=== Raw data ===
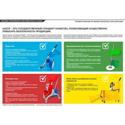 • МОПы профессиональной серии LAIMA EXPERT предназначены для влажной и сухой уборки любых твердых поверхностей, таких, как ламинат, плитка, паркет. МОПы имеют стики 4-цветовой кодировки по HACCP для исключения перекрестного загрязнения помещений.
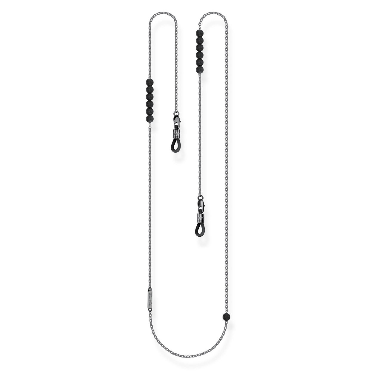 • Black metal glasses chain, matt black obsidian bead detailing, silicone loops, movable metal elements, brand logo details, lobster claps fastenings
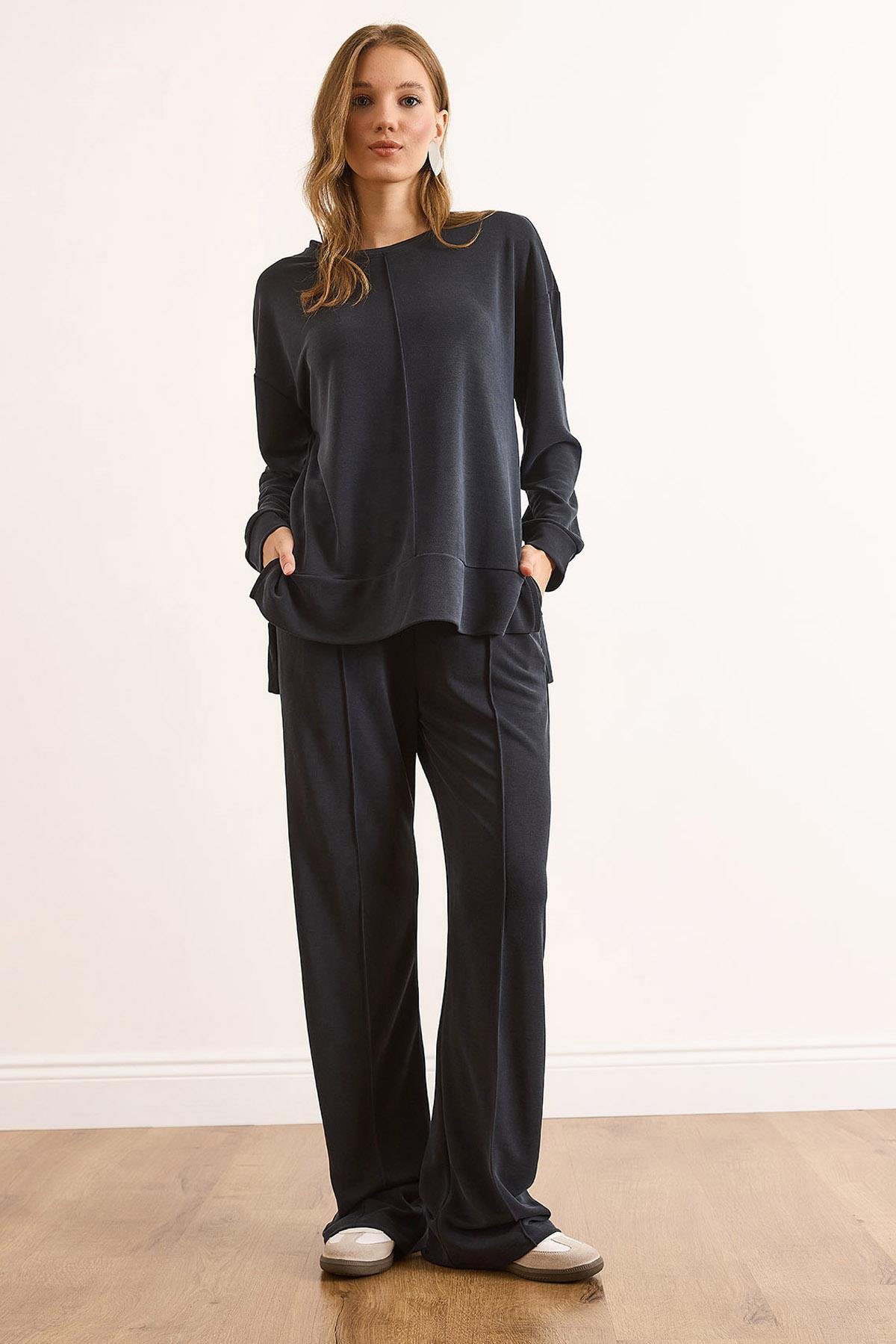 Modal Pike Yumuşak Dokulu Dökümlü Alt Üst Takım Antrasit (TKM-19000437)
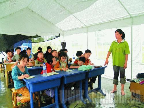 一位村民特意將學(xué)校的情況拍下來(lái)發(fā)到網(wǎng)上,吁請(qǐng)社會(huì)各界關(guān)心和支助。陸續(xù)有人送來(lái)書(shū)包、課本、文具、小黑板和課外讀物。什邡圣修堂的教職人員,幫他們聯(lián)系到志愿者前來(lái)任教,附近抗災(zāi)的部隊(duì)官兵為學(xué)校搭建起一頂新帳篷。
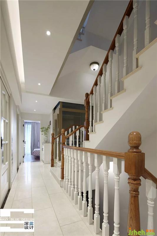 乳白欄桿,咖色扶手,彰顯了美式居家的復(fù)古感。拾級而上,從不乏人間煙火的廚房和餐廳,走入歸于平靜的臥室空間。
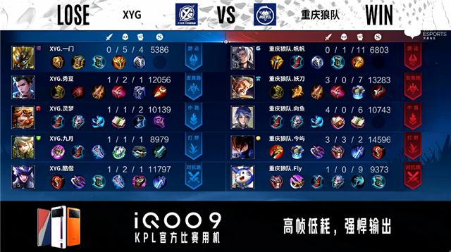 重庆狼队开局边路换线。1分05秒XYG野区击杀裴擒虎拿到一血。2分12秒XYG拿下暴君。3分39秒XYG对抗路击杀李元芳。3分57秒XYG对抗路击杀嬴政。4分04秒重庆狼队发育路击杀东皇太一。4分14秒XYG拿下主宰。5分06秒双方发育路1换1。5分40秒重庆狼队摧毁敌方发育路外塔。6分30秒XYG拿下暴君。6分48秒重庆狼队摧毁敌方对抗路外塔。7分12秒XYG摧毁敌方中路外塔。8分28秒中路团战XYG打出0换3。6分56秒XYG摧毁敌方中路二塔。10分10秒XYG拿下暗影暴君。10分52秒XYG拿下暗影主宰。13分55秒XYG拿下暗影暴君。14分44秒XYG拿下暗影主宰。15分36秒XYG摧毁敌方中路高地塔。17分10秒对抗路团战XYG打出0换2。18分36秒XYG拿下暗影主宰。19分11秒XYG摧毁敌方发育路高地塔。19分48秒XYG摧毁敌方对抗路高地塔。21分05秒XYG拿下风暴龙王。22分03秒XYG摧毁敌方水晶拿下比赛。
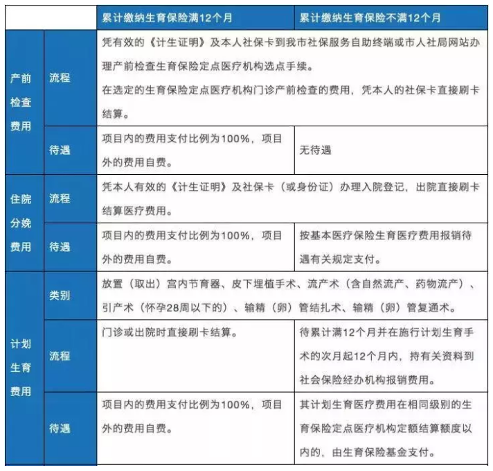 只要員工分娩上個月,按照生育保險全額繳納的規(guī)定和累計繳費保險12個月,即可享受以下待遇。
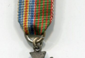 FRANCE 1ère Guerre Mondiale - RARE CROIX de GUERRE MINIATURE UNIFACE AVEC RUBAN MIXTE moitié croix de guerre / moitié médaille des blessés militaires.
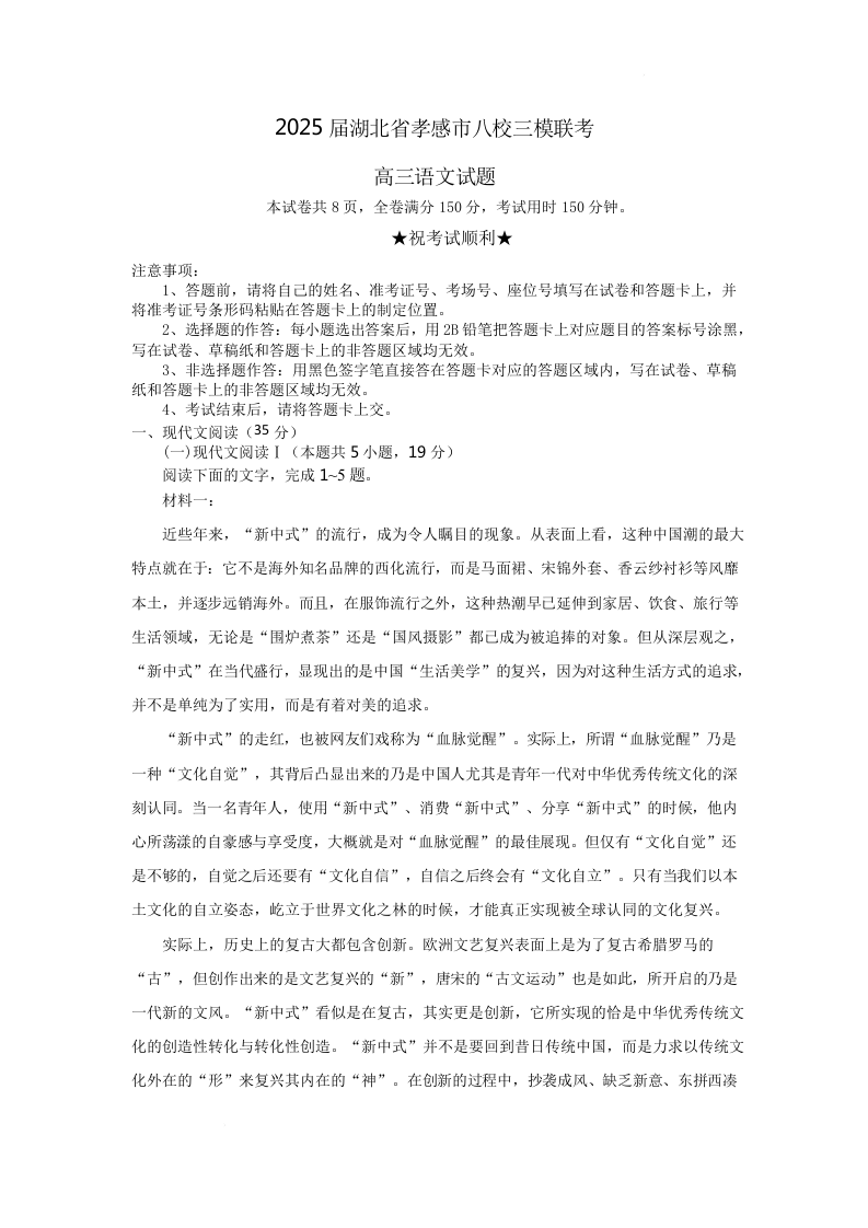 湖北省孝感市八校2025届高三下学期三模联考 语文试题解析板.docx
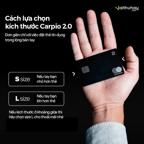 Kê tay công thái học Carpio 2.0 có kích thước để bạn lựa chọn là S và L. Bạn có thể đo lòng bàn tay của mình bằng cách sử dụng thẻ tín dụng để chọn kích thước sản phẩm phù hợp mà không cần dùng đến thước dây.
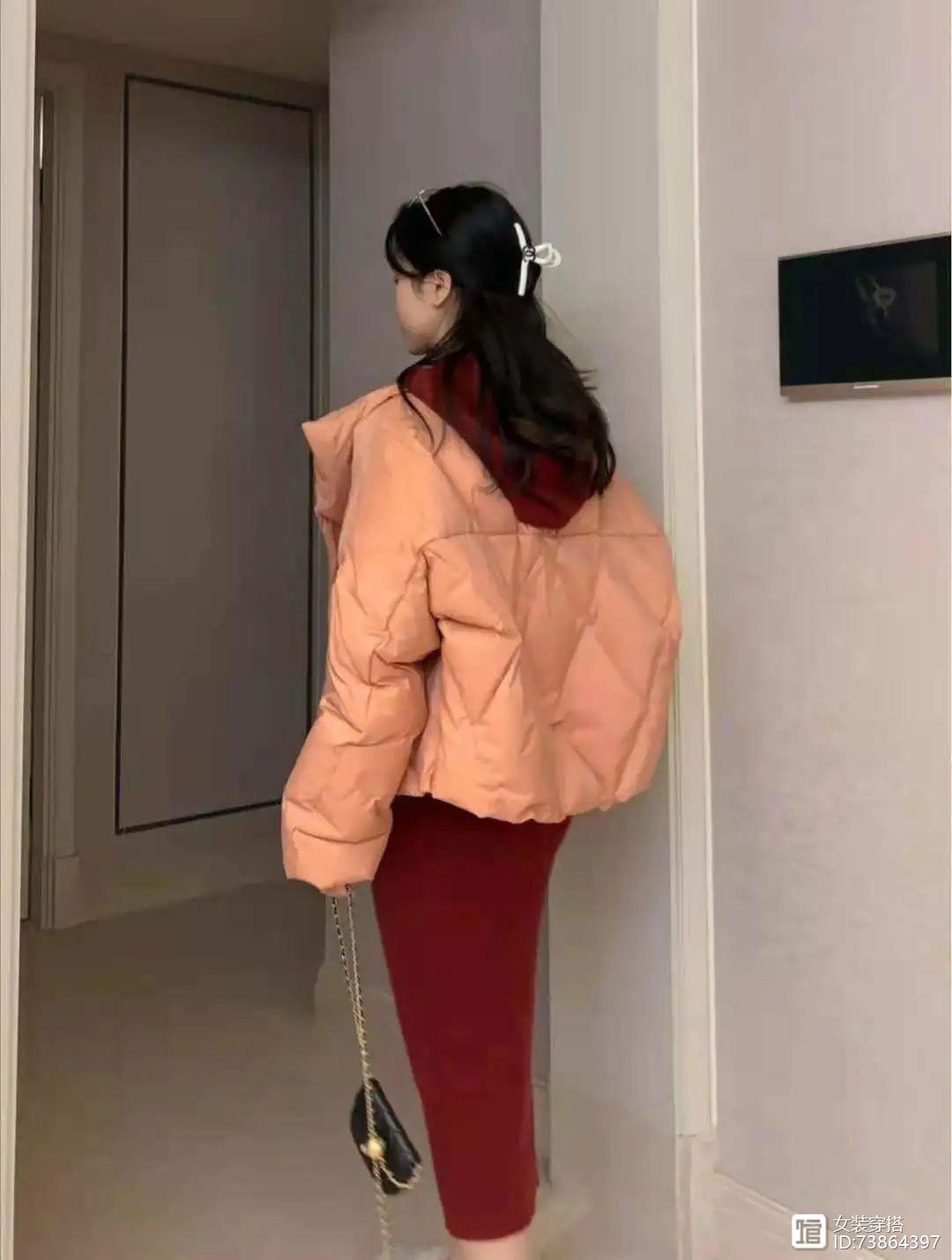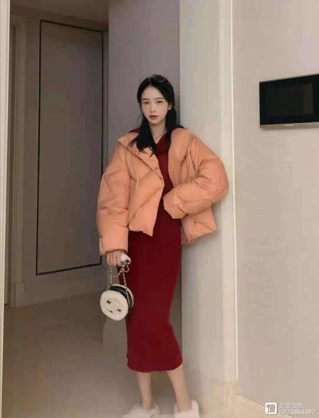 羽绒服是烤奶色上身超嫩,感觉能掐出水,hen特别的颜色,短款设计,上身显高显瘦,重点是还有少女背。内搭是一件车厘子红的针织连衣裙,这个红色很显白,连衣裙的后面还带了帽子,又十分的减龄,包臀设计还有点点女人味。
===
Work instruction:
Leaving pictures out, output the lines of the data above from the one with "乳白欄桿,咖色扶手,彰顯了美" through the one with "只要員工分娩上個月,按照生育", word for word.

Solved problem:
 乳白欄桿,咖色扶手,彰顯了美式居家的復(fù)古感。拾級而上,從不乏人間煙火的廚房和餐廳,走入歸于平靜的臥室空間。
 重庆狼队开局边路换线。1分05秒XYG野区击杀裴擒虎拿到一血。2分12秒XYG拿下暴君。3分39秒XYG对抗路击杀李元芳。3分57秒XYG对抗路击杀嬴政。4分04秒重庆狼队发育路击杀东皇太一。4分14秒XYG拿下主宰。5分06秒双方发育路1换1。5分40秒重庆狼队摧毁敌方发育路外塔。6分30秒XYG拿下暴君。6分48秒重庆狼队摧毁敌方对抗路外塔。7分12秒XYG摧毁敌方中路外塔。8分28秒中路团战XYG打出0换3。6分56秒XYG摧毁敌方中路二塔。10分10秒XYG拿下暗影暴君。10分52秒XYG拿下暗影主宰。13分55秒XYG拿下暗影暴君。14分44秒XYG拿下暗影主宰。15分36秒XYG摧毁敌方中路高地塔。17分10秒对抗路团战XYG打出0换2。18分36秒XYG拿下暗影主宰。19分11秒XYG摧毁敌方发育路高地塔。19分48秒XYG摧毁敌方对抗路高地塔。21分05秒XYG拿下风暴龙王。22分03秒XYG摧毁敌方水晶拿下比赛。
 只要員工分娩上個月,按照生育保險全額繳納的規(guī)定和累計繳費保險12個月,即可享受以下待遇。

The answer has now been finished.